For the first time since he had entered this primitive jungle, he actually had a moment to completely relax his nerves. The constant, razor-sharp tension that had gripped his muscles since he entered the Great Orrath finally began to uncoil. He had time to actually relax his nerves, albeit just a bit.
He unstrapped his bone armor, letting it clatter softly against the wood, and leaned back against the curved inner wall of the tree.
He pulled the waterskin from his belt and took several long, greedy gulps of the cool, metallic-tasting water. He dug into his woven pouch, pulling out a strip of the heavily salted Essence-Meat and a glowing, cyan Star-Fruit.

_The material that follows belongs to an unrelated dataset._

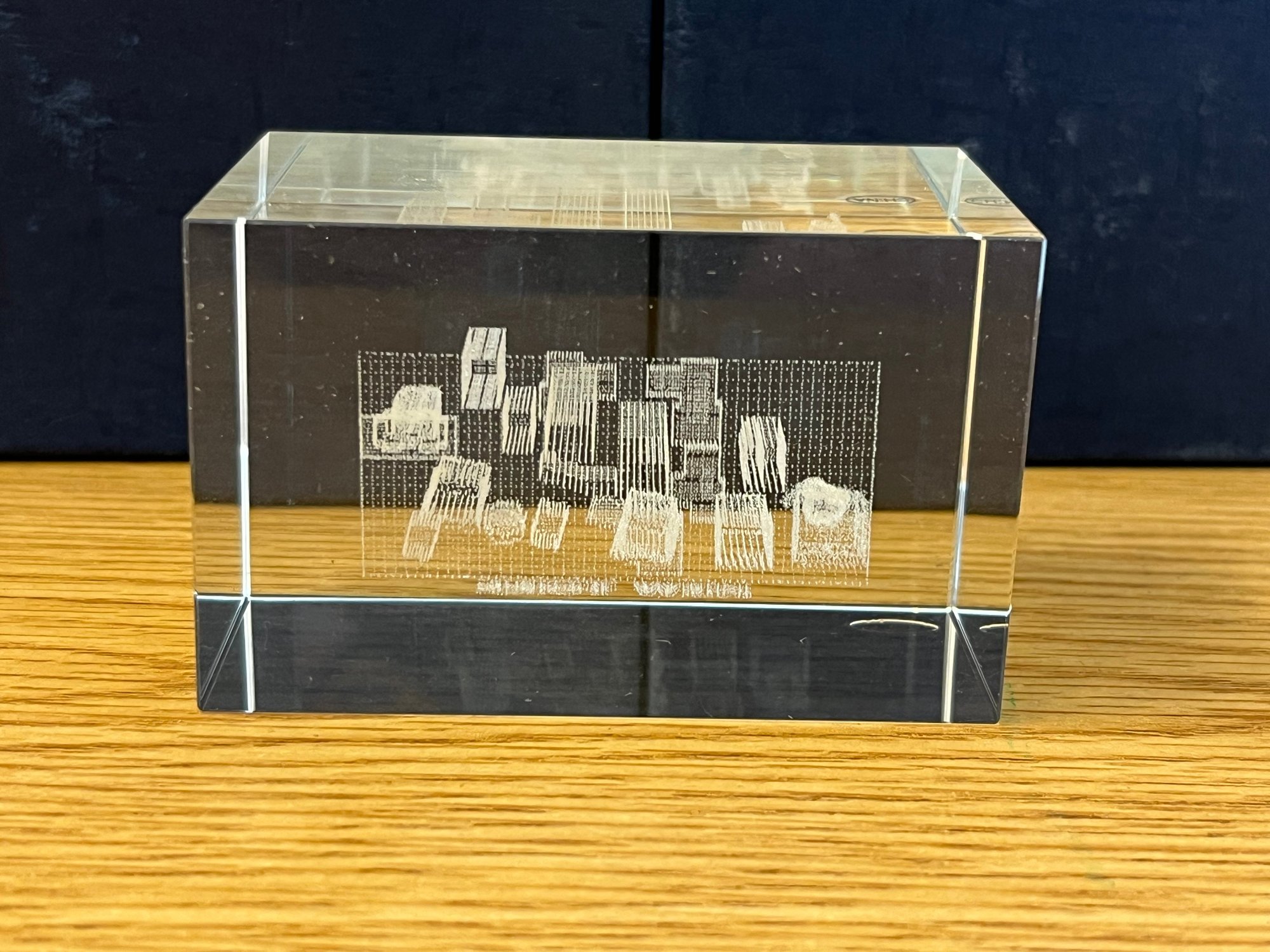 A relic of a New York that lives now only in memory, this vintage glass paperweight captures the iconic Twin Towers in their full, commanding presence — a skyline silhouette that once defined the most recognizable city on earth. Rendered in glass with the quiet permanence that only a well-crafted souvenir can carry, this piece transcends its humble origins as a keepsake and arrives today as something far more significant: a tangible connection to a lost era.

The meat was tough and tasted vaguely of copper, but it was packed with dense calories. The Star-Fruit, however, was incredibly sweet and tart, bursting with a refreshing juice that instantly cleared the fatigue from his mind and instantly replenished the minor mental fatigue of the day’s constant Crimson-Sight usage.
As he ate, Sol shifted his position, leaning against the edge of the carved opening to look out over the Great Orrath.